Posting for discussion....

Now that XDP seems to be nicely gaining traction we can start to
consider the next logical step which is to apply the principles of XDP
to accelerating transport protocols in the kernel. For lack of a
better name I'll refer to this as Transport eXpress Data Path, or just
TXDP :-). Pulling off TXDP might not be the most trivial of problems
to solve, but if we can this may address the performance gap between
kernel bypass and the stack for transport layer protocols (XDP
addresses the performance gap for stateless packet processing). The
problem statement is analogous to that which we had for XDP, namely
can we create a mode in the kernel that offer the same performance
that is seen with L4 protocols over kernel bypass (e.g.
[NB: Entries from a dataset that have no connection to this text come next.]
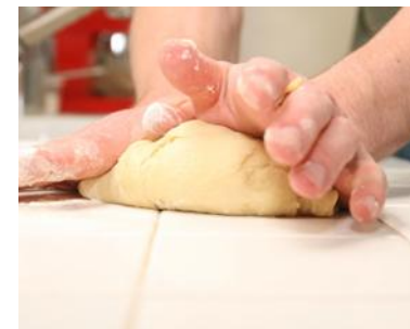
Kneading a bread dough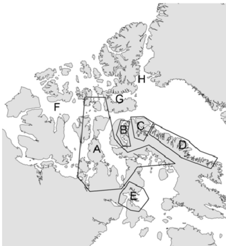
Figure 1. Approximate boundaries of Canadian summering aggregations of narwhals: A - Somerset Island, B - Admiralty Inlet, C - Eclipse Sound, D - East Baffin Island, E - Northern Hudson Bay. Other areas where narwhals are known to occur in summer: F - Parry Islands, G - Jones Sound, H - Smith Sound).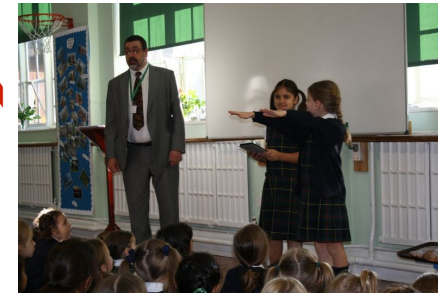
Prayer Drill at St. Francis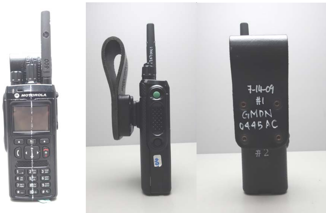
PMLN5004A w/GMDN0445AC with DUT: Front, side and back views (left to right)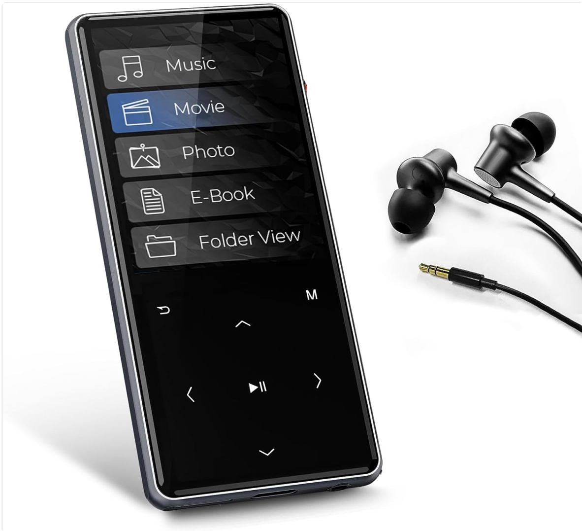
Figure 1.1: HIFI WALKER M7 MP3 Player and Earphones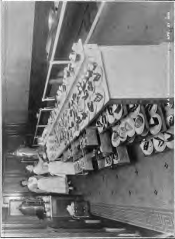
The New Allegheny High School lunchroom in Pittsburgh, opened fall of 1915. Counters were especially designed for display and quick service, and so constructed that they are easy to keep in sanitary condition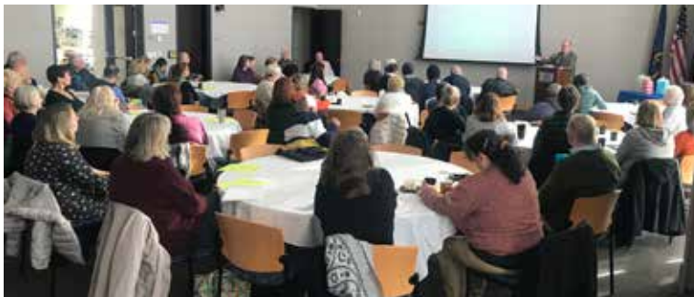
The History Fair at Northampton Community College's Monroe Campus in Tannersville was well attended.

Over 80 guests explored Pennsylvania's history November 14 at the History Fair at Northampton Community College's Monroe Campus. From colonization to chocolate, the free event focused on famous Pennsylvanians, with an emphasis on innovation.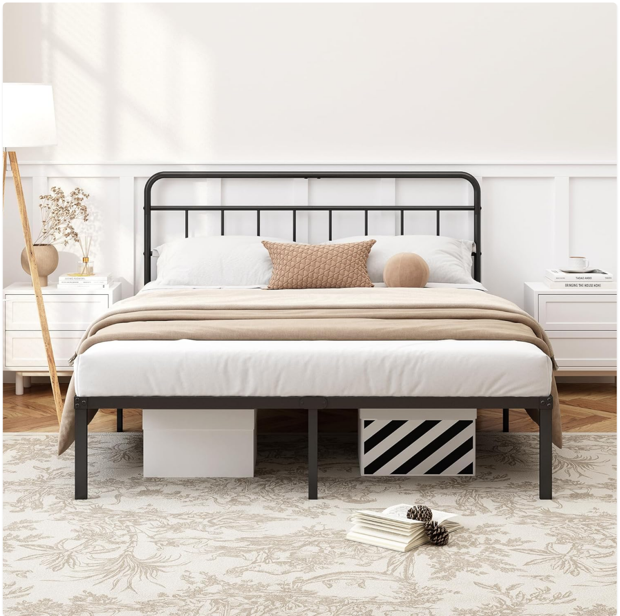
Image: Kujielan King Size Metal Bed Frame with mattress and bedding, showcasing its minimalist design in a bedroom.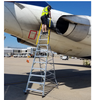
Service to aft pylon area.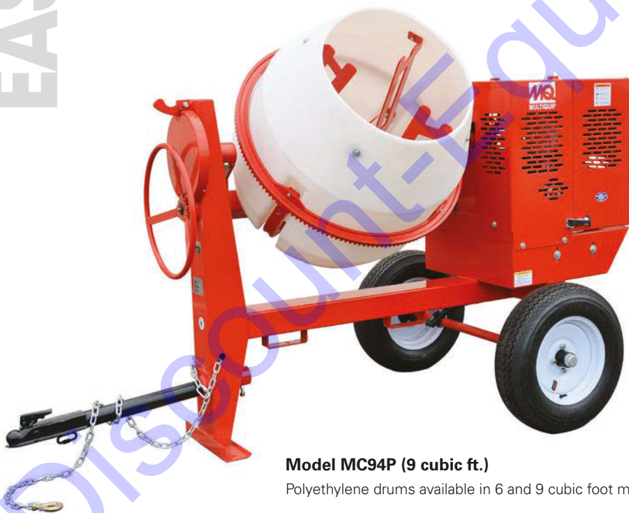
Model MC94P (9 cubic ft.)

The MC12PH concrete mixer handles your biggest and toughest applications. It features a 12 cubic ft. Easyclean™ drum and powerful Honda GX340 engine.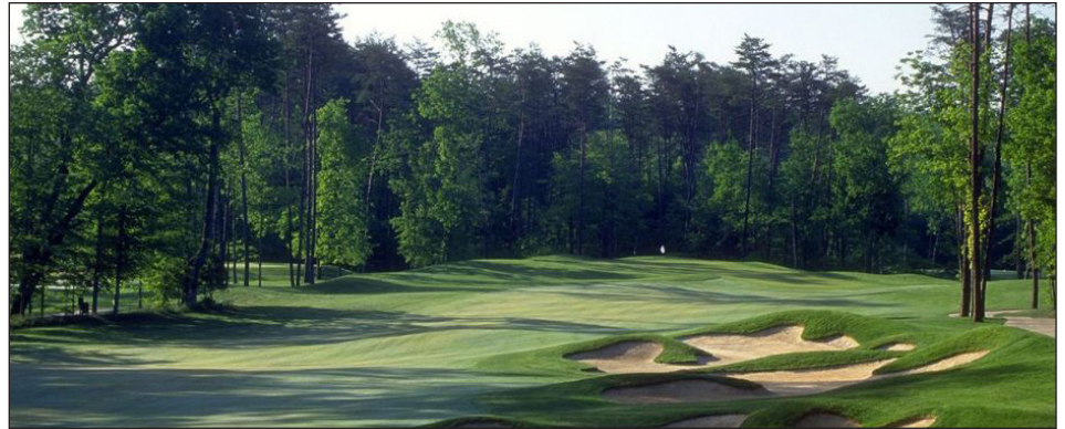
Westfields Golf Course in Clifton, Virginia

The Foundation plans to notify successful applicants regarding their scholarship awards by mid-May.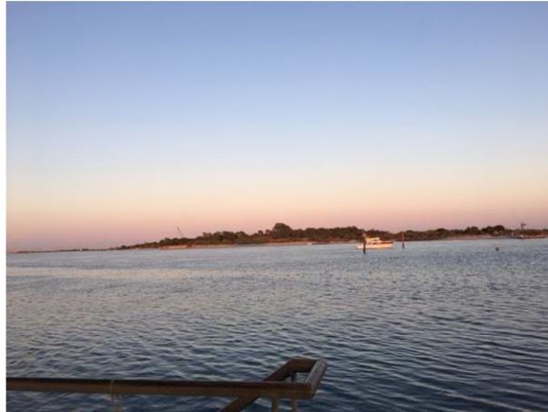
Figure 2.5. Sampling station 4 – Tavira.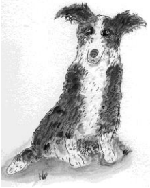
dog (Border collie)

Directions: What kind of animal is each? If it has a name in the book Rescue in the Wild , give that name.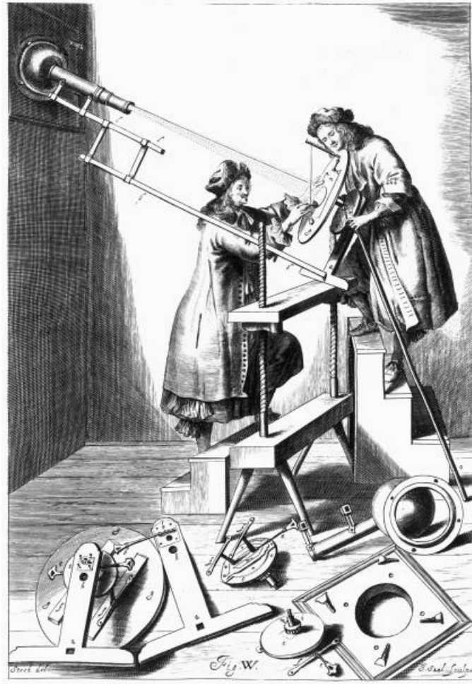
Figure 2.1: Astronomers observing a solar eclipse. The image of the sun is projected upon a screen and the limit of the obscured portion carefully recorded. From Hevelius's Machina Coelestis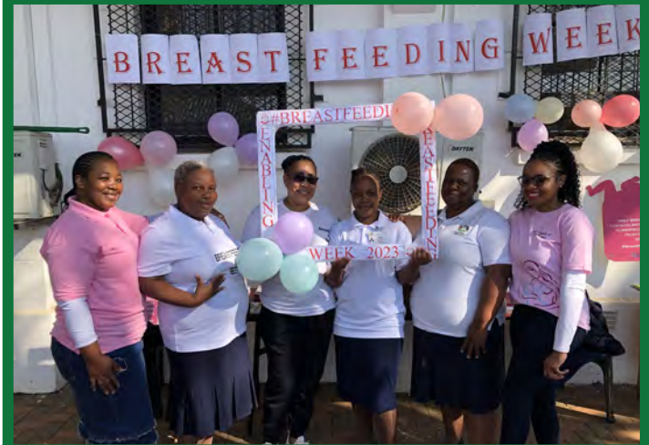
Team at the photo booth.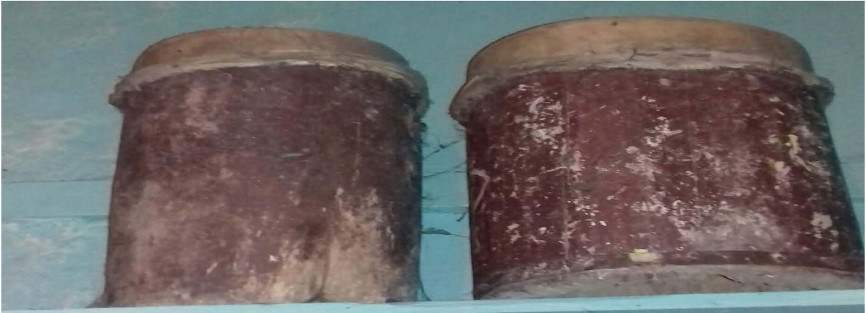
Plate No. 4. The 'bandu' and 'kyaas' Kumina drums of St. Thomas.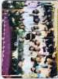
Group Game on Quality of Water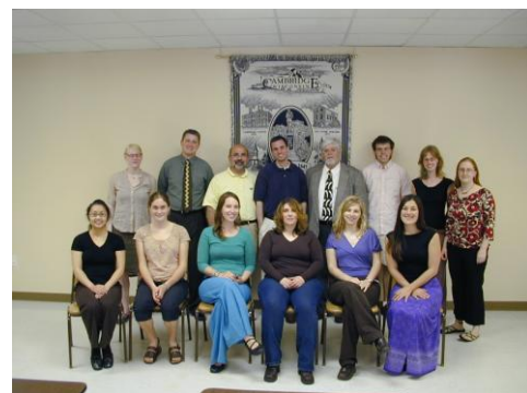
2007 photo showing U.W.-Madison and Lake District representatives who contributed to the development of CBSM programs for Lake Ripley.

To overcome these challenges, community-based social marketing (CBSM) programs were developed in partnership with the U.W.-Madison's Department of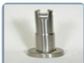
ADJUSTABLE LEG SS 304 Grade

Manufacture of: TOILET CUBICLE PARTITION & ACCESSORIES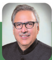
Dr Arif Alvi

#KashmirSolidarityDay #PakistanStandswithKashmir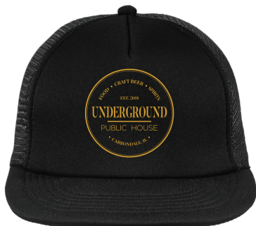
Mesh Back Trucker Hat $20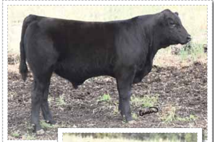
5 ~ MCC Density 89A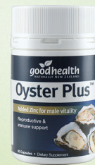
Oyster Plus Capsules 牡蠣精膠囊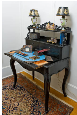
Title: Desk Date: c. 1900 Medium: mahogany with brass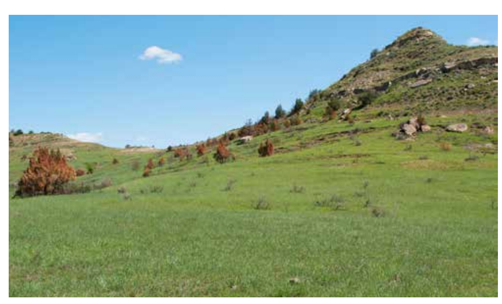
A hillside in the park one month after a prescribed burn

Fire is a useful tool for fighting the spread of invasive plants. Many invasive species are less tolerant of fire, giving native species an advantage in the growing season following a fire.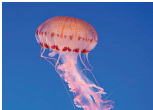
Figure 1. Jellyfish

This dominant category contained 169 sentences (25.19%). This category focused on descriptions of water found in the cells, tissues, and organs or body systems of organisms. In particular, water in the roots, stems and leaves of plants, as well as water carried in plant vascular bundles, was an important component of this category.

TCP/OpenOnload
or TCP/DPDK) or perhaps something reasonably close to a full HW
offload solution (such as RDMA)?

TXDP is different from XDP in that we are dealing with stateful
protocols and is part of a full protocol implementation, specifically
this would be an accelerated mode of transport connections (e.g. TCP)
in the kernel. Also, unlike XDP we now need to be concerned with
transmit path (both application generating packets as well as protocol
sourced packets like ACKs, retransmits, clocking out data, etc.).
Another distinction is that the user API needs to be considered, for
instance optimizing the nominal protocol stack but then using an
unmodified socket interface could easily undo the effects of
optimizing the lower layers. This last point actually implies a nice
constraint, if we can't keep the accelerated path simple its probably
not worth trying to accelerate.

One simplifying assumption we might make is that TXDP is primarily for
optimizing latency, specifically request/response type operations
(think HPC, HFT, flash server, or other tightly coupled communications
within the datacenter). Notably, I don't think that saving CPU is as
relevant to TXDP, in fact we have already seen that CPU utilization
can be traded off for lower latency via spin polling. Similar to XDP
though, we might assume that single CPU performance is relevant (i.e.
on a cache server we'd like to spin as few CPUs as needed and no more
to handle the load an maintain throughput and latency requirements).
High throughput (ops/sec) and low variance should be side effects of
any design.

As with XDP, TXDP is _not_ intended to be a completely generic and
transparent solution. The application may be specifically optimized
for use with TXDP (for instance to implement perfect lockless
silo'ing). So TXDP is not going to be for everyone and it should be as
minimally invasive to the rest of the stack as possible.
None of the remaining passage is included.